61歳「これが最後の賭けです」
── その後、2023年に帰国し、今度は日本でスタンダップコメディアンとして活動を始めました。
Ryoさん:本場の舞台で自信がついたものの、やればやるほど、いちばん多感な幼少期・青年時代をアメリカで過ごしていないがゆえに、観客と共有できるものが少ないと感じ、限界が見えてきたんです。両親の介護も重なり、帰国することにしました。帰国と同時期に渋谷でコメディクラブがオープンしたので、主にインバウンド客向けに、ニューヨークと同じように英語でスタンダップコメディをやり始めました。

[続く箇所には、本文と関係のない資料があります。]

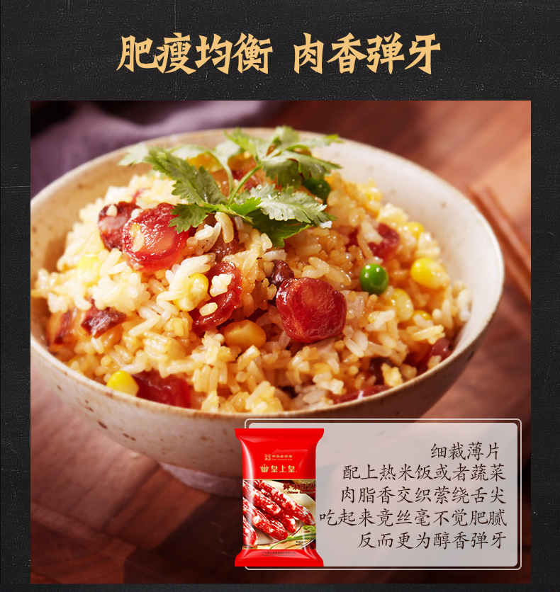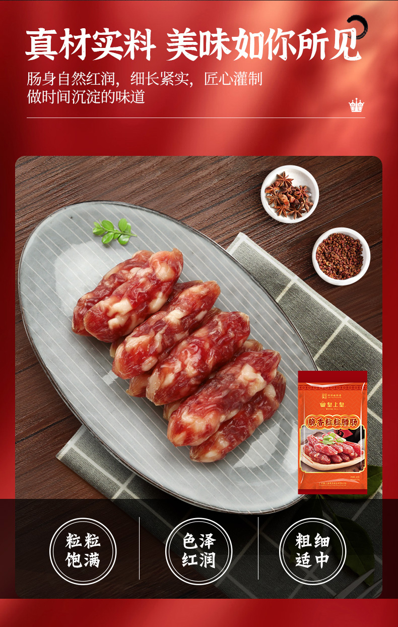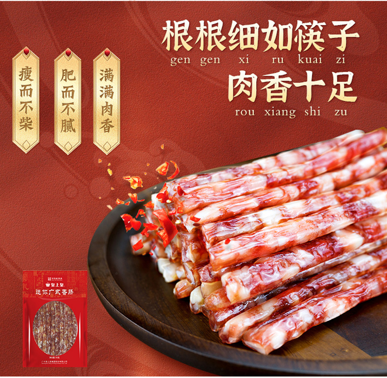 鮮味臘腸、脆香粒粒臘腸、富豐臘腸、蛋黃鳳凰盞、迷你廣式香腸、原味豬肉脯

── 日本でもスタンダップコメディの魅力を伝えたいと思っていらっしゃる?
Ryoさん:実は今、これまでやってきた英語のスタンダップコメディではなく、日本語でやることに燃えているんです。日本でもこの新しいコメディスタイルは広められるんじゃないか、と。
── アメリカの文化が色濃いスタンダップコメディですが、日本での評判はどうですか?
Ryoさん:皮肉をベースにするネタなので、日本のお笑いとカルチャーは少し違いますが、絶対にニーズはあると思っていて。面白いのは、日本の自立した女性たちからの支持が多いこと。陰ながら叩かれたり、嫌な思いを乗り越えた経験を持った人は、スタンダップにハマってくれる方が多いですから。僕は今、61歳。健康寿命はあと10年ぐらいだと思っているので、これが最後の賭けです。日本のスタンダップコメディを切り拓いて、ブレイクスルーしたいですね。